[gabemart]

After a first look, it seems like this hack involves setting a custom cursor, which is defined as a canvas image that is 128 px tall. This 128px high image is mostly transparent, and has a fake "cursor" image at the top of it. The bottom of this image tracks your real cursor, and the fake cursor at the top of the image makes it seem like your real cursor is hovering over the browser chrome, when in fact it is ~128px lower than it appears. The rest of the effect is achieved via animating the canvas used for the custom cursor.

In terms of mitigation, it seems like at a minimum custom cursors should never be rendered outside the bounds of the page content.

[jamesfisher]

Hello! Author here (along with my inspiration benjaminbenben). This explanation is perfect. And yes, I think the TODO is to not render the custom cursor outside the viewport.

[Mithaldu]

Are you sure that is possible?

At least on Windows, i'm reasonably sure all the API does is tell the OS which image to render as cursor and the cursor is rendered entirely by the OS; meaning there's no control over whether the cursor is being rendered partially outside the viewport or not.

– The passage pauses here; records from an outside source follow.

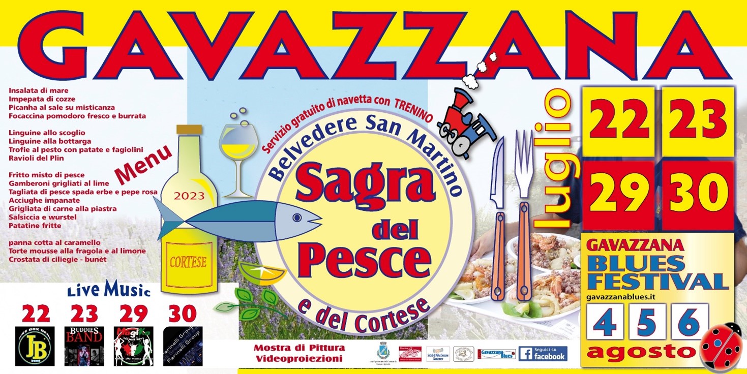 Organizzata ormai da oltre vent’anni al Belvedere San Martino, cornice naturale per uno dei panorami più invidiati della provincia, la Sagra del Pesce ha reso nota Gavazzana, piccolo paesino in provincia di Alessandria, che ospita ogni anno più di 5.ooo visitatori della sagra, quest’anno si svolgerà nei giorni 22-23 e 29-30 Luglio.
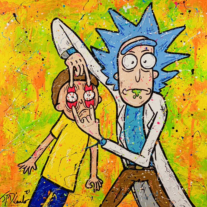 Wet paint!!! New Rick and Morty piece is drying!!! But wait there’s more!!! This will be the 1st piece I will be doing embellished canvas prints so stay tuned!!!! #rickandmorty #rick #morty #adultswim #cartoon #fanart #popart #pop #art #artwork #artist #wakeupyourwalls #wetpaint
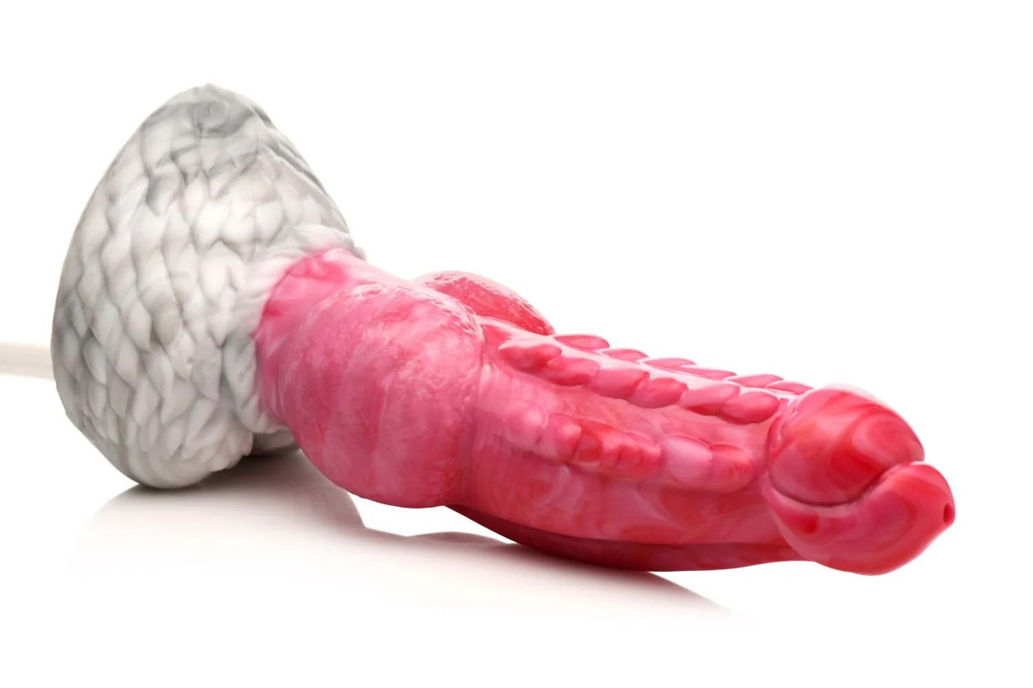 Productinformatie "XR Brands - Resurrector Phoenix Spuitende Siliconen Dildo - Rood/Wit"
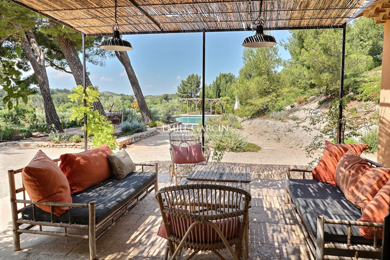 La terrasse et la piscine chauffée nous donnent une vue panoramique sur les Alpilles.
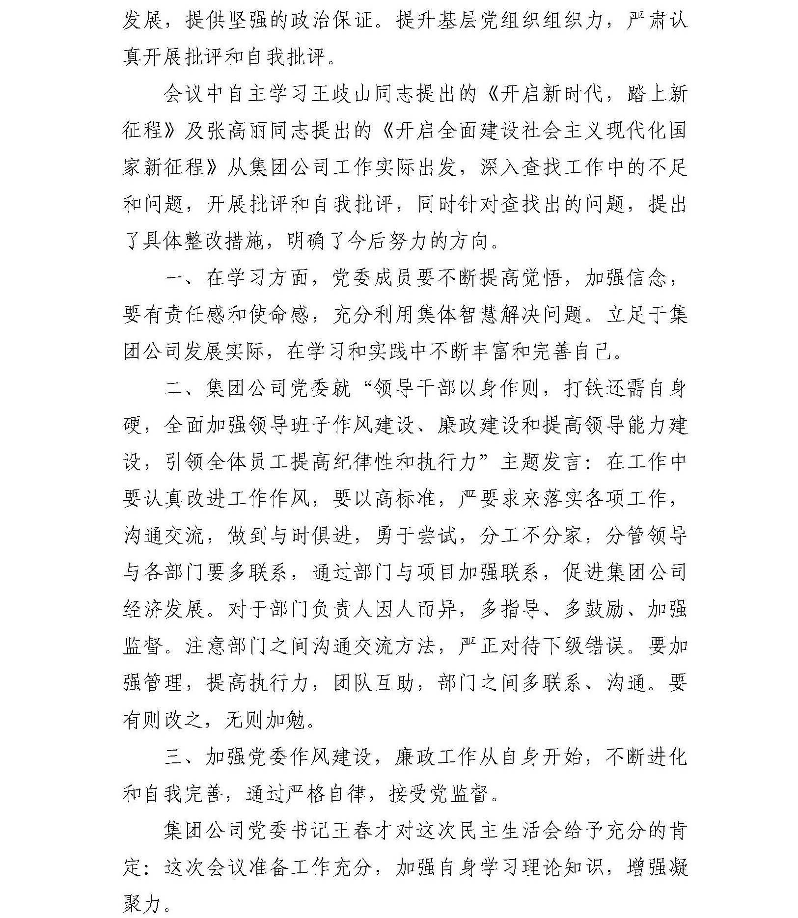 集團(tuán)公司黨委召開 “領(lǐng)導(dǎo)干部以身作則,打鐵還需自身硬” 為主題的民主生活會(huì)
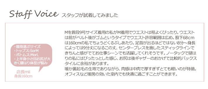 | 【S】ウエスト66(66〜ゴム伸縮) ヒップ89 股上23.5 股下67 わたり幅29 総丈90.5 裾幅16 【M】ウエスト70(70〜ゴム伸縮) ヒップ93 股上24 股下68 わたり幅29.5 総丈92 裾幅16.5 【L】ウエスト74(74〜ゴム伸縮) ヒップ97 股上24.5 股下68 わたり幅30 総丈92.5 裾幅17 【LL】ウエスト78(78〜ゴム伸縮) ヒップ101 股上25 股下68 わたり幅30.5 総丈93 裾幅17.5 ※採寸方法は当店 サイズガイド を参照して下さい。 |
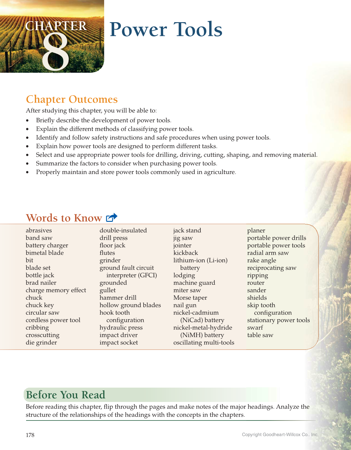 • Select and use appropriate power tools for drilling, driving, cutting, shaping, and removing material.
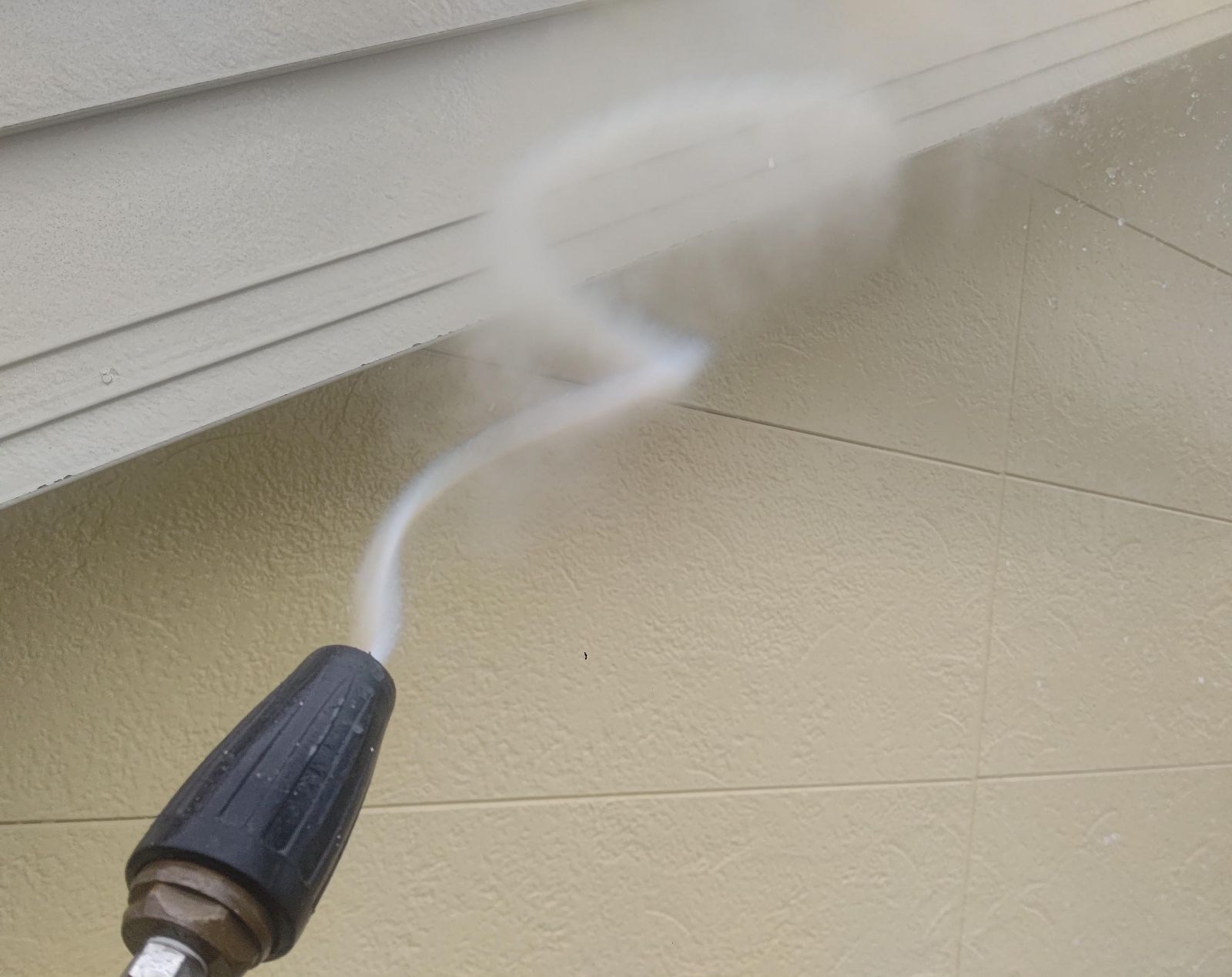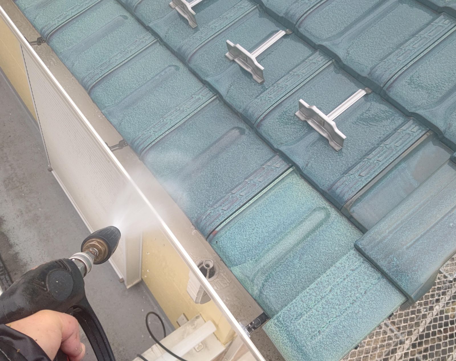 塗料と建材の密着を強くするために外壁や屋根に付着した埃・苔・汚れなどを隅々まで洗浄します。
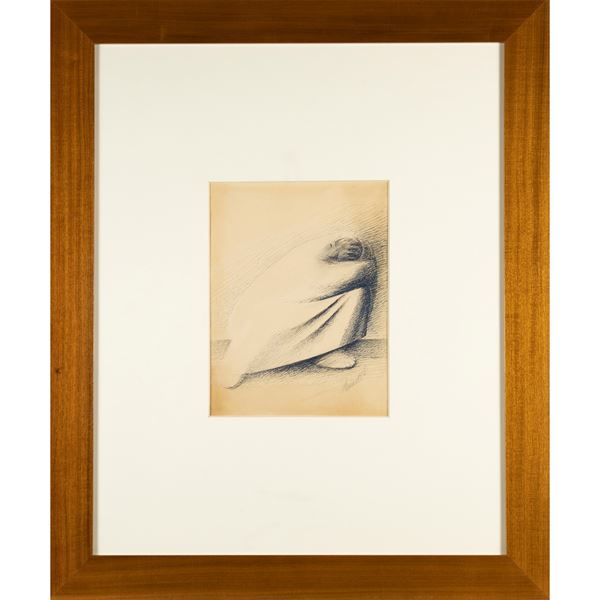 25,5x19,5 cm."Uomo con mantello o Disperazione", inchiostro e carboncino su carta, firmato in basso a destra, entro cornice
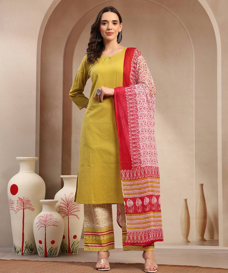 Crafted From A High Quality Rayon Cotton Blend, This Kurta Delivers Comfort And Breathability. The Fabric Combines The Natural Softness Of Rayon With Enhanced Durability, Ensuring A Lightweight And Enduring Garment. Ideal For Extended Wear During Festive Occasions, This Rayon Cotton Blend Keeps You Cool And Comfortable Even In Warmer Weather. The Refined Texture Of The Fabric Maintains Its Shape And Elegance Throughout The Day. Solid Printed Straight Kurta Palazzo With Dupatta Set 3/4 Sleeves Round Neck
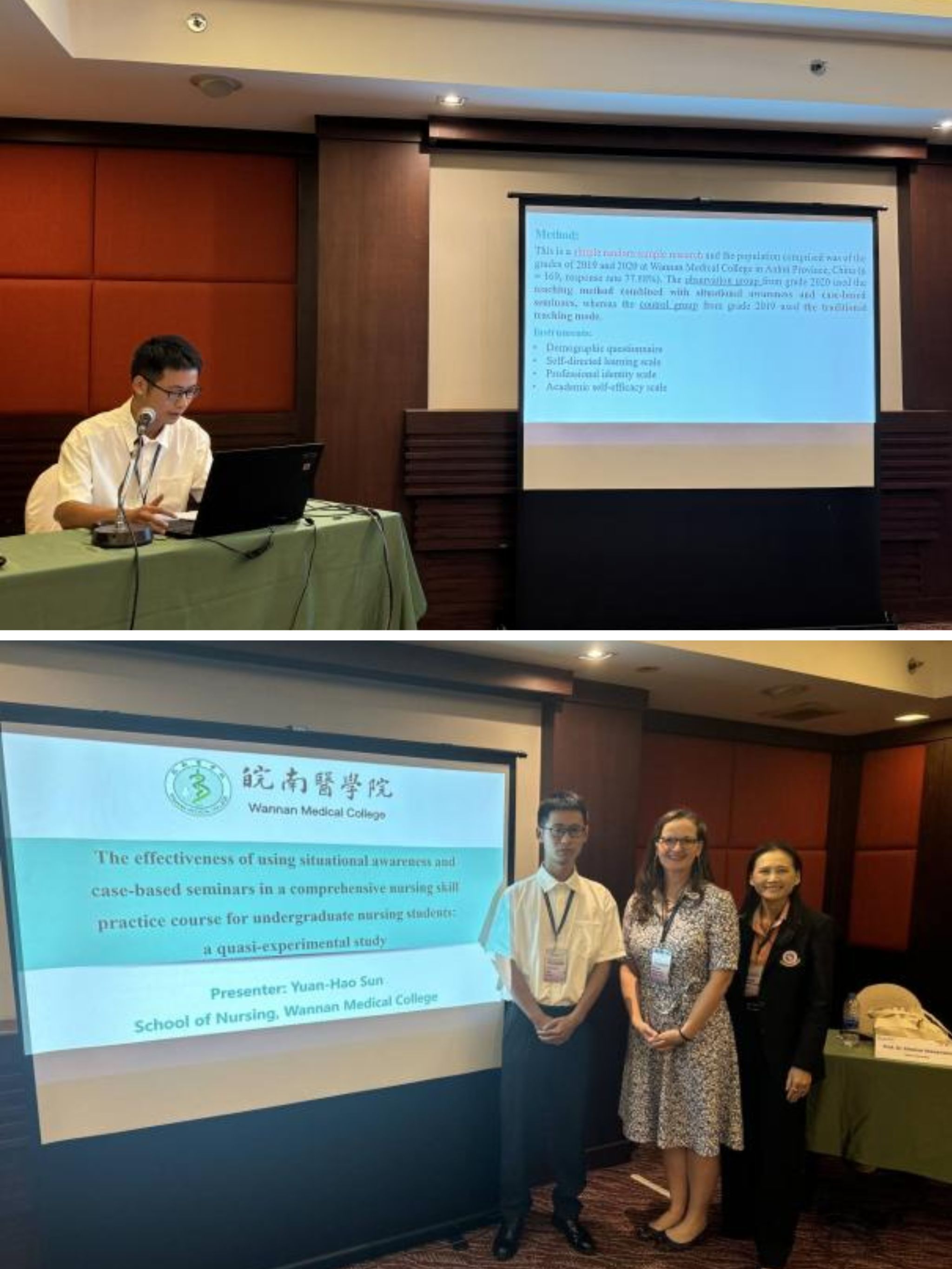 孙源豪围绕“情境感知与案例研讨相结合的教学方法在护生综合护理技能实践课程中的效果”,进行口头报告“The effectiveness of using situational awareness and case-based seminars in a comprehensive nursing skill practice course for undergraduate nursing students: a quasi-experimental study”。

Solutions where the browser would have enough control would likely require rendering the cursor by itself, which would impart it noticable input latency.

Edit: Quick addition of a bounding box to the demo: https://wchristian.github.io/cursory-hack/

[jabiko]

The browser could check whether the cursor image would be painted outside the page viewport.

In this case the browser could create a clipped version of the cursor image and set it as the new cursor.

[Mithaldu]

That would be very expensive computationally, and as seen in the padlock, accompanied by latency and jitter.

It would also break the case where pages have legit uses for crosshair style cursors, or cursors that are rotated 180° in order to not overlay contents.

[pingec]

Thanks for the explanation. Most informative comment.